Transformações no mundo e a regulação do tempo
Ainda de acordo com a professora, o relógio que surge no século XIII – como mostra o historiador Jacques Le Goff – repercute as transformações no mundo do trabalho e do comércio, que demandam um controle mais preciso do ritmo da atividade humana. “Até o século XIX, a reunião e organização da força de trabalho é promovida por outros mecanismos – como o sistema de moradia de trabalhadores e os sistemas coletivos de controle do tempo: sinos, apitos das fábricas, relógios das igrejas. O relógio afirma o nascimento da ideia de que o homem é primeiramente um produtor, e que a finalidade da vida humana é gerar e consumir produtos”, analisa Neri. Nessa época é criado o relógio de pulso, que se populariza, no entanto, durante a Primeira Guerra Mundial como um instrumento prático, aliado aos soldados.

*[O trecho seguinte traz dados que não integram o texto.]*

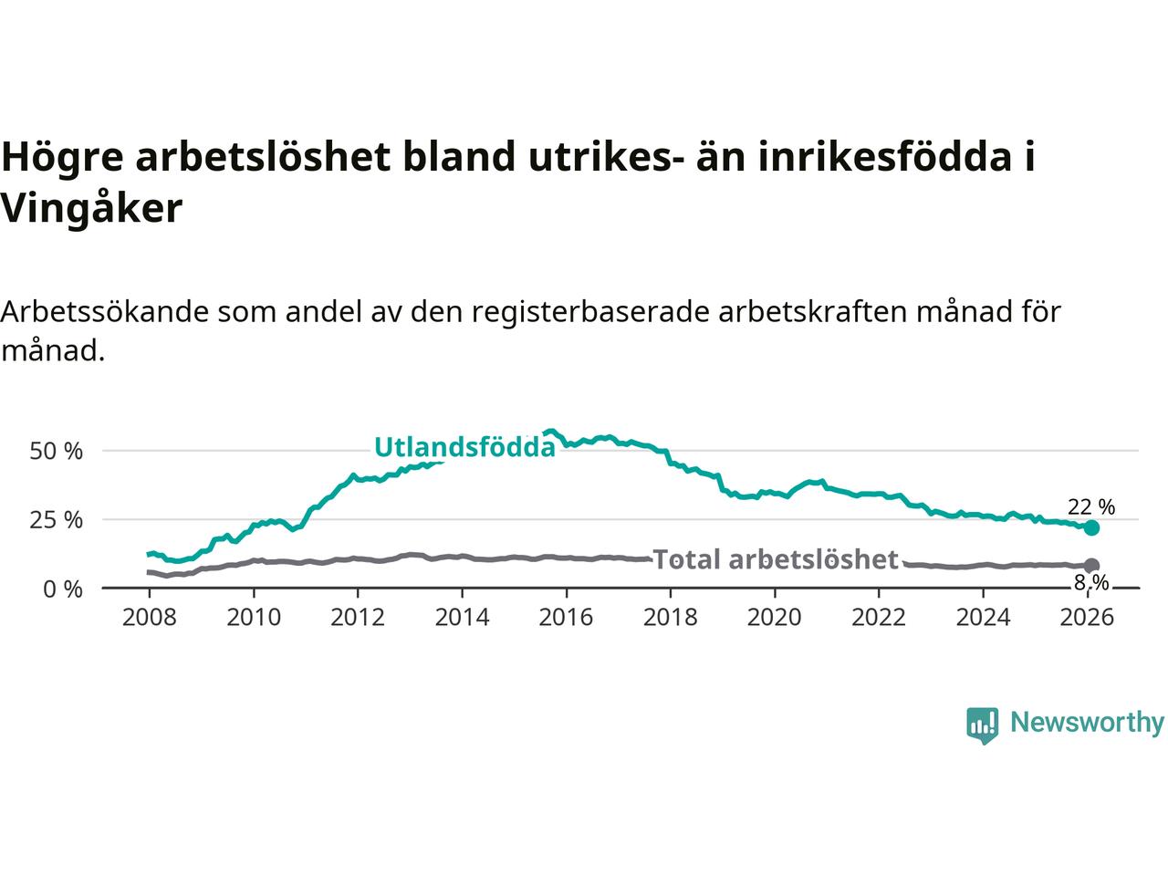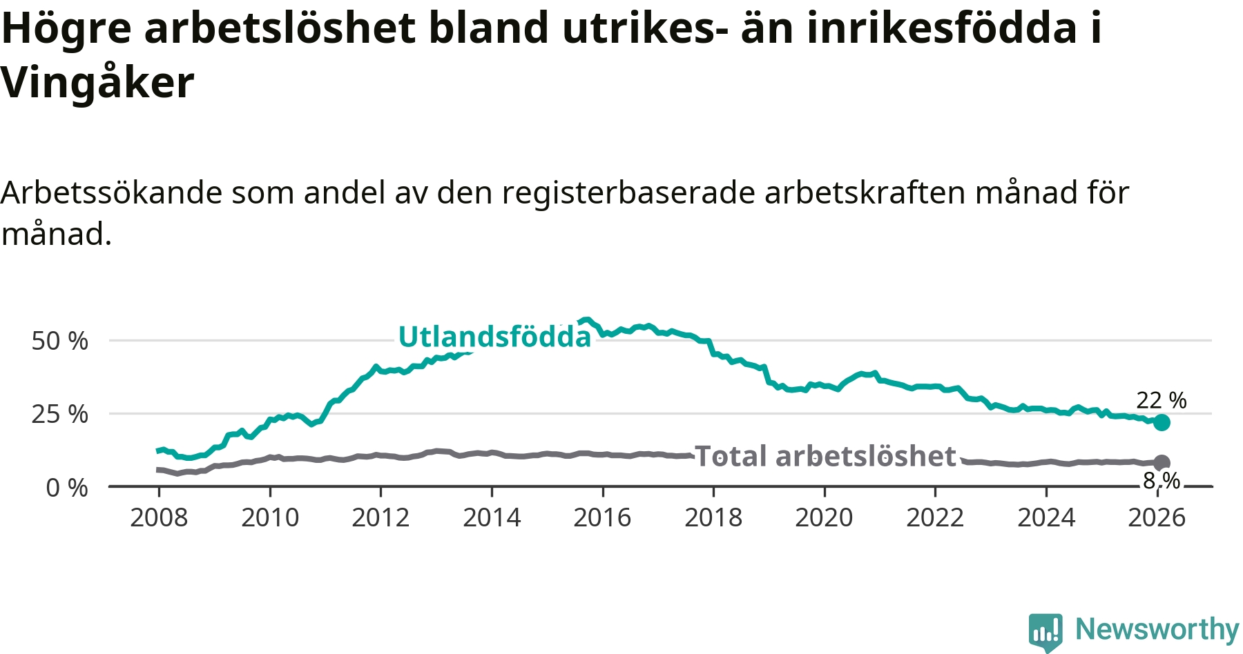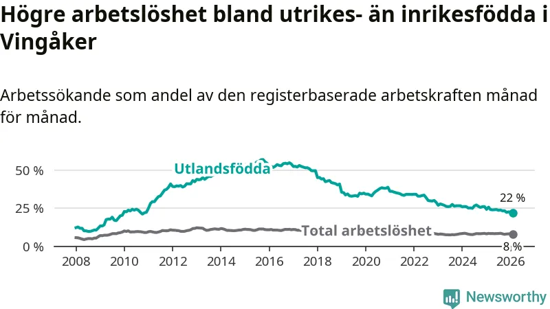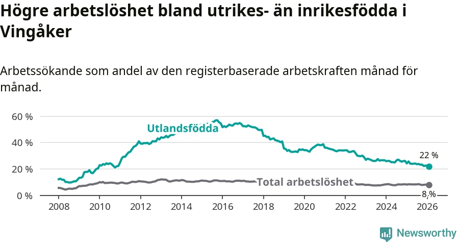 Arbetslösheten bland utlandsfödda var 22,0 procent i Vingåker under februari månad, motsvarande 133 av 605 personer. Det är 3,7 procentenheter färre än vid samma tidpunkt i fjol (−26 om man räknar personer). Därmed är de utlandsföddas arbetslöshet lägre än vid samma tidpunkt i fjol för 19:e månaden i följd. Sedan juli 2024 har arbetslösheten bland utlandsfödda minskat från 26,5 till 22,0 procent. Den nuvarande arbetslöshetsnivån är den lägsta sedan november 2010.
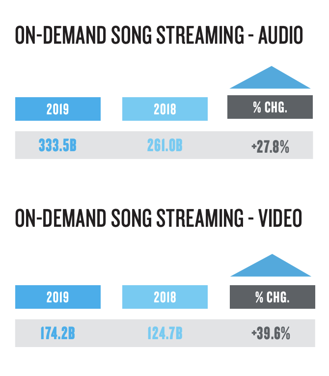 レポートはさらに、記録的な数字となった5077億回ものオンデマンドストリーミングを、SpotifyやApple Musicのようなオーディオストリーミングと、ビデオストリーミングに分け、急成長しているのはビデオストリーミングの方だということも明らかにしている。
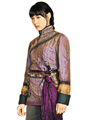這次李連杰扮演的龍帝(右圖),令人聯(lián)想起中國古代暴君秦始皇。他渴望長生不老,而楊紫瓊演的女巫則擁有不死天書,李連杰不但達(dá)成長生不老的愿望,還想占有她,可楊紫瓊卻愛上了羅素扮演的將軍,并生下梁洛施,李連杰遂將羅素五馬分尸,悲慟的楊紫瓊遂向李連杰施咒變兵馬俑。而梁洛施在戲中是已活了2000年的美少女,戲份貫穿始終,比楊紫瓊更搶鏡。
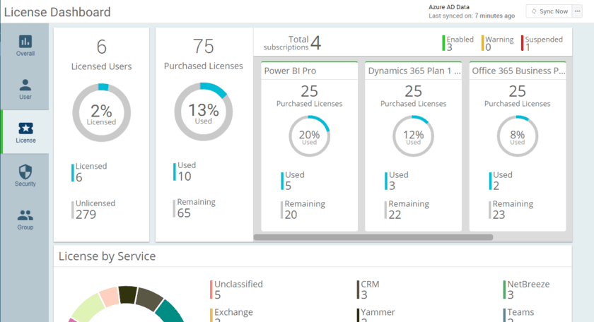 โดย โปรแกรมออกรายงาน แสดง Dashboard การใช้งาน Office 365 รุ่นมาตรฐาน AdminDroid Office 365 Standard สามารถรองรับการออกรายงานสรุป และการจัดแสดง Dashboard รวมถึงการตรวจสอบย้อนกลับการใช้งานของพนักงาน (Audit) ได้ในหลากหลายรูปแบบสำหรับแต่ละบริการในชุดของ Microsoft Office 365 เพื่อให้เกิดการใช้งานได้อย่างมีประสิทธิภาพสูงสุด หลีกเลี่ยงปัญหาที่อาจจะเกิดขึ้น เช่นกล่องจดหมายเต็มความจุ รายงานเรื่องการตั้งรหัสผ่านที่ไม่รัดกุม รายงานเรื่องการแจกจ่าย License ของบริการ Microsoft Office 365 ให้กับพนักงาน เป็นต้น
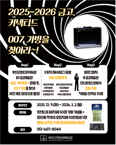 [경남도민뉴스=신석주 기자] 부산근현대역사관은 내일(9일)부터 2026년 3월 2일까지 역사관 본관 금고미술관에서 투어 전시 '2025-2026 '금고, 커넥티드''를 개최한다고 밝혔다.
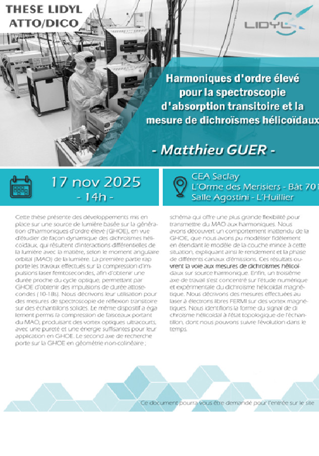 Keywords : Angular momentum of light, Attosecond, High harmonics generation, Post-compression, Nonlinear optics.
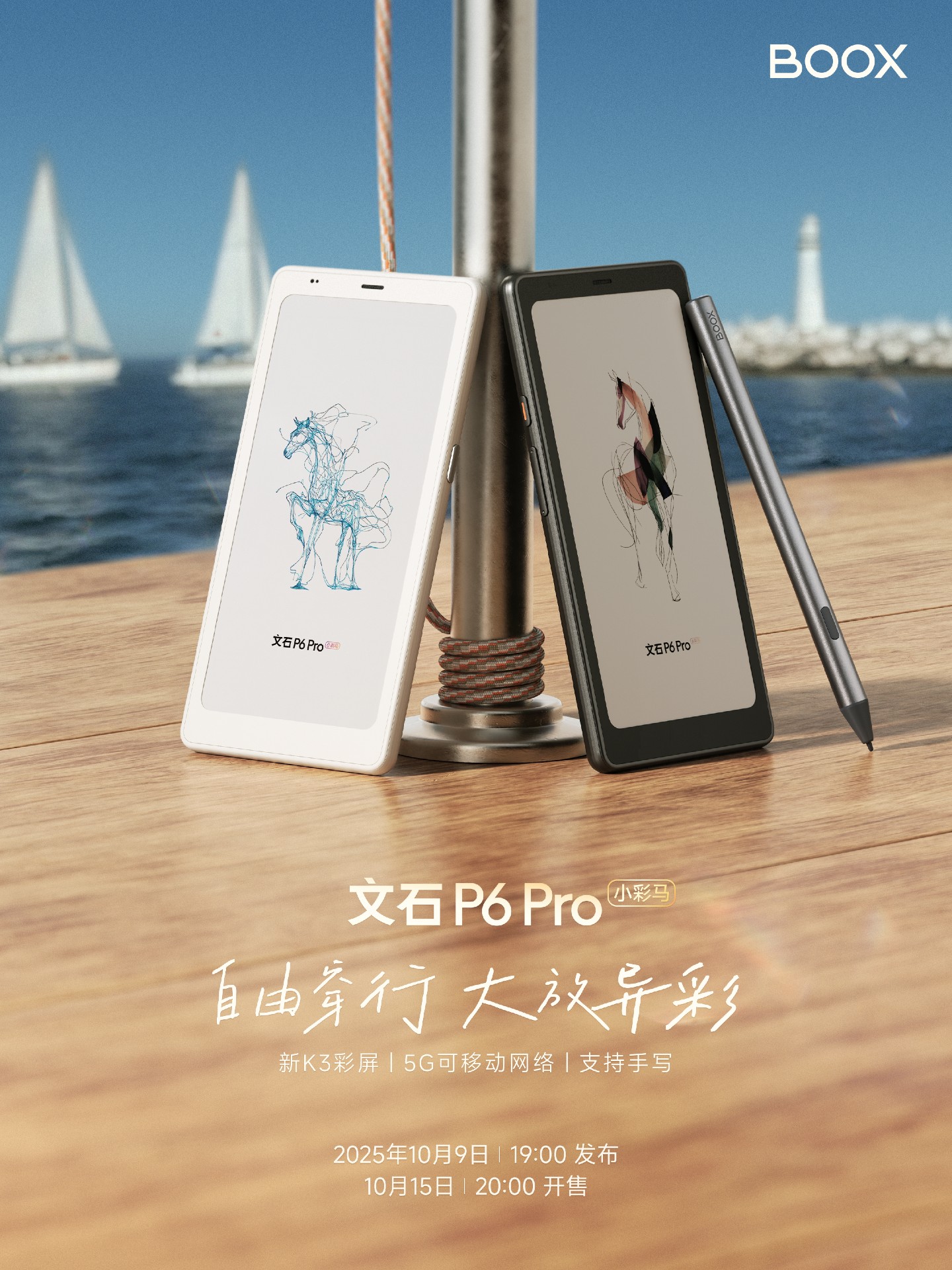 Stiamo parlando del Boox P6 Pro, atteso per domani, 9 ottobre in Cina, e che arriverà in due versioni: una con display E-Ink in bianco e nero e una con pannello a colori dotato di supporto per stilo.
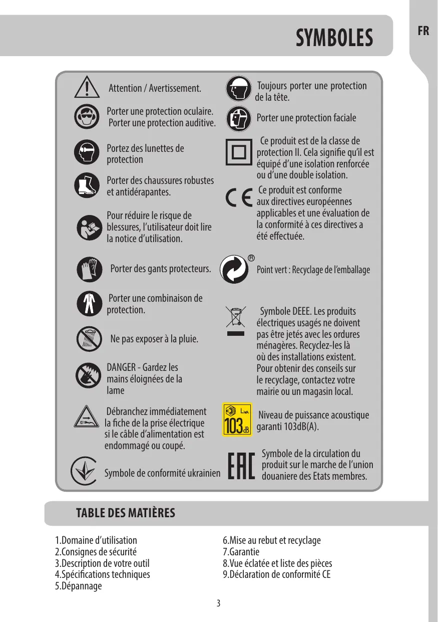 | Sécurité | Port de lunettes de protection et de gants recommandé, utilisation de protections auditives conseillée |
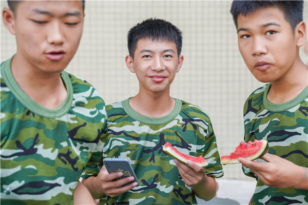 在训练中,同学们虽苦虽累,但依然精神抖擞,充满激情。
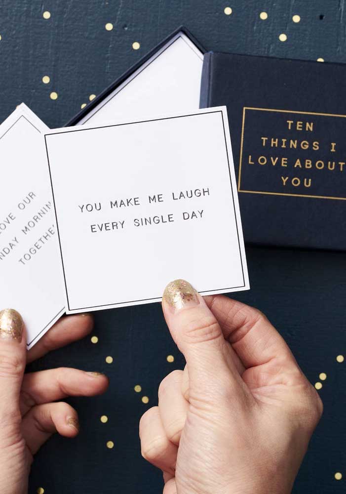 Uma ideia criativa para fazer em casa para o seu amor. A lista de materiais necessários é curta: uma caixinha, papel, tesoura, cola, caneta… ah, e suas melhores declarações!
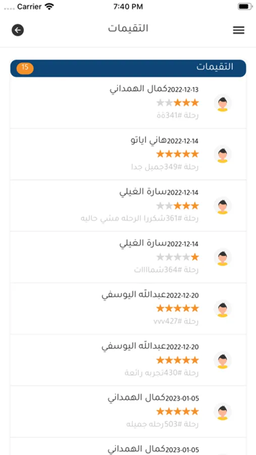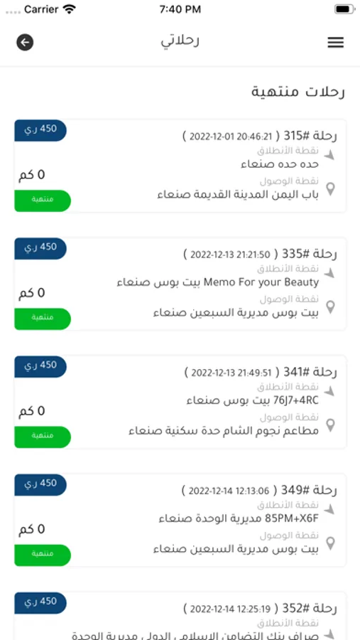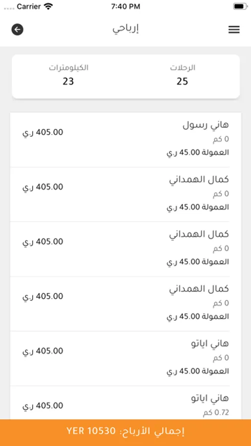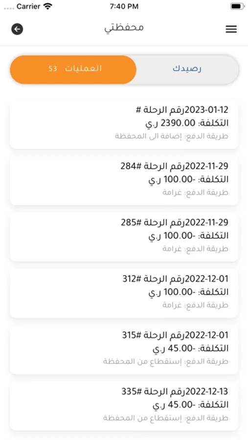 يستطيع السائق معرفة قائمة الرحلات التي نفذها وحالتها انتهت، الغيت وأيضا الأرباح وتاريخ الرحلة وكم ربح من كل رحلة وكم عليه للإدارة من كل رحلة واجمالي الربح واجمالي ما عليه لإدارة الشركة. ويستطيع السائق أيضا معرفة كيف قام الركاب بتقييمه.
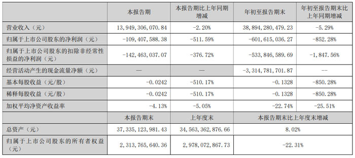本報告期內(nèi),公司歸屬于上市公司股東的凈利潤為 - 1.09 億元,同比下降 511.59%;扣除非經(jīng)常性損益后的凈利潤為 - 1.42 億元,同比降幅達 376.72%。從累計數(shù)據(jù)看,1-9 月歸屬于上市公司股東的凈利潤虧損擴大至 6.02 億元,同比降幅 852.28%;扣非后凈利潤虧損 5.34 億元,同比降幅高達 1847.56%,反映出公司主營業(yè)務短期面臨較大盈利挑戰(zhàn)。
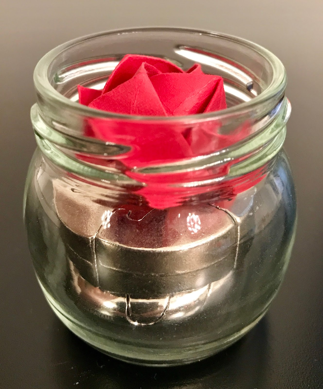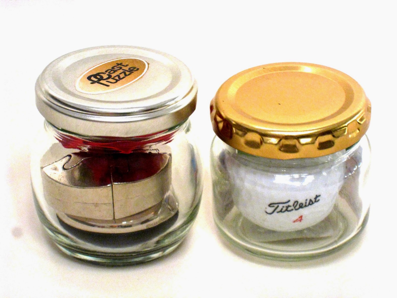 The jar contains two Hanayama Cast puzzles (Cast Spiral and Cast Loop) and a burgundy coloured origami rose. Its easy to remove the paper rose but it would take (a lot) of figuring out how to disassemble and remove both the Spiral and Loop, since it is impossible for them to pass through the mouth of the jar. I didn't attempt to solve this one; its difficult as it is already to solve the cast puzzles on their own outside of any jar!
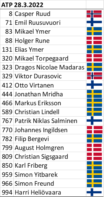 Tutkailin tämän päivän ATP-rankinglistaa maittain. Pohjoismaiden osuus TOP1000 -pelaajan listalla tosi pieni, yhteensä 21 kpl. Ranskalla ja USAlla on eniten palaajia, yli 90. Asukaslukuun suhteutettuna parhaat maat ovat Monaco, Slovenia ja Kroatia (joilla vähintään 3 pelaajaa tuhannen joukossa). Alla myös lista pohjoismaisista pelaajista TOP1000:ssa.
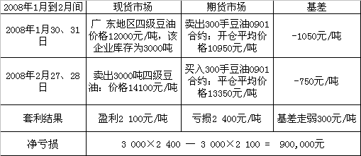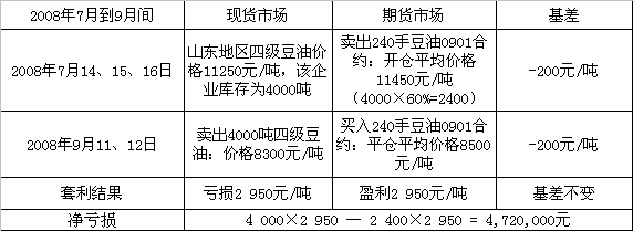讓我們來分析發生在2008年的四個不同的套期保值實戰案例。 在保值虧損的案例一中,雖然廣東那家保值企業完全遵守了傳統的套期保值原則,但因為企業對大勢判斷失誤,在現貨價格相對于目標保值期貨價格已經產生較大價差的情況下,依舊采用1:1的保值方案,結果造成沒有對所有現貨進行有效保護。 案例二中的天津某企業則表現出對大勢把握比較準確的操作思路。當時,油脂價格處于上升勢頭中,現貨銷售比較容易,該天津油脂企業在期市上建立了小于現貨庫存數量的空頭頭寸數量。由于沒有建立完全數量的保值,企業在期市的虧損小于現貨市場上的盈利,從最終的保值效果看,企業實現了盈利。 在案例三中,山東某企業雖然對大勢把握準確,已經認定了熊市的到來,但因為他們僅對60%的庫存數進行了期市上的空頭保值,再加上當時處在價格加速下行時期,現貨銷售比較困難,使得另外40%的庫存處于敞口風險當中,期市上的空頭頭寸只給企業規避了部分庫存風險,最終企業出現了不應有的虧損。 在避險成功的案例四中,河北的這家企業不僅看準了走熊的大勢,而且在期市上建立了大于現貨庫存的空頭頭寸,企業在當時市價銷售庫存較為困難的情況下,為了能在兩個市場同時進行交易了結,以低于市價將庫存逐步消化,結局比較完美,除去兩市盈虧相抵的部分,企業在期市上建立的超額部分保值頭寸給他們帶來了超額收益。

O filósofo e professor da Faculdade de Educação da Unicamp, Régis de Morais, explica que, com a complexificação das sociedades e setores civilizatórios, o uso científico (com base em meridianos) das divisões horárias se fez cada vez mais importante; e possibilitou uma organização comportamental mais precisa – e os relógios (mais modernamente) a serem fontes de ansiedade.
Com os novos instrumentos que atribuíam maior precisão na medição do tempo surgem também os cronômetros, que auxiliaram os sistemas de navegação. E, em 1970, são criados os relógios digitais, que funcionam à base de energia elétrica fornecida por uma bateria. Popularizou-se tanto, devido ao seu tamanho e preço, que hoje acompanha diversos equipamentos eletroeletrônicos como o telefone celular e micro-ondas.
Porém, na década de 1950, surge uma nova forma de medição de tempo, e que foi, a partir de 1967, considerada como a definição internacional de tempo, pois atrasa somente um segundo a cada 65 mil anos. É o relógio atômico, cujo funcionamento é baseado nas trocas de energia que acontecem no interior do átomo.
A precisão ficou, então, muito próxima à perfeição. O relógio de pulso, à base de quartzo, fornece 32.768 pulsos elétricos por segundo para um microchip, que é abastecido pela energia de uma bateria. A margem de erro não chega a mais que um milésimo de segundo – enquanto os melhores aparelhos mecânicos atingiam 1 décimo de segundo ao dia.
Tempo e filosofia
Tantos estudos, pesquisas e tempo dedicados para atingir a maior precisão garantiu inúmeros benefícios para a humanidade, mas, no contraponto, trouxe também a dependência, servindo como instrumentos de controle. “O relógio se tornou um fator de adoecimento. Seu ritmo inumano se prova a cada dia inadequado, ou mesmo incompatível, com a vida humana. A compartimentação do tempo e das tarefas tem nos dilacerado. Chegamos a um impasse. Estamos no momento de – sem precisar pensar em queimar relógios – dar um belo passo atrás e afirmar que queremos programar nossos relógios para que se tornem objetos simpáticos à vida humana. Para que isso aconteça, temos de mexer no sistema de trabalho, de produção, de consumo, na tecnologia, nas prioridades da produção do conhecimento científico e, sobretudo, em nossa filosofia de vida – só precisamos de tempo para isso”, argumenta a professora Neri de Barros.
“Fazemos hoje, em cada um de nossos dias, dizem os antropólogos, o que a humanidade pré-tecnológica (até o século XVIII) fazia em um mês e meio. Para grande parte da humanidade, a contagem do tempo é desesperadora”, aponta o professor Régis.
Cristiane Bergamini é formada em comunicação social (PUC Campinas), com mestrado e doutorado em planejamento de sistemas energéticos (Unicamp). Atualmente é aluna do curso de especialização em jornalismo científico (Labjor/Unicamp).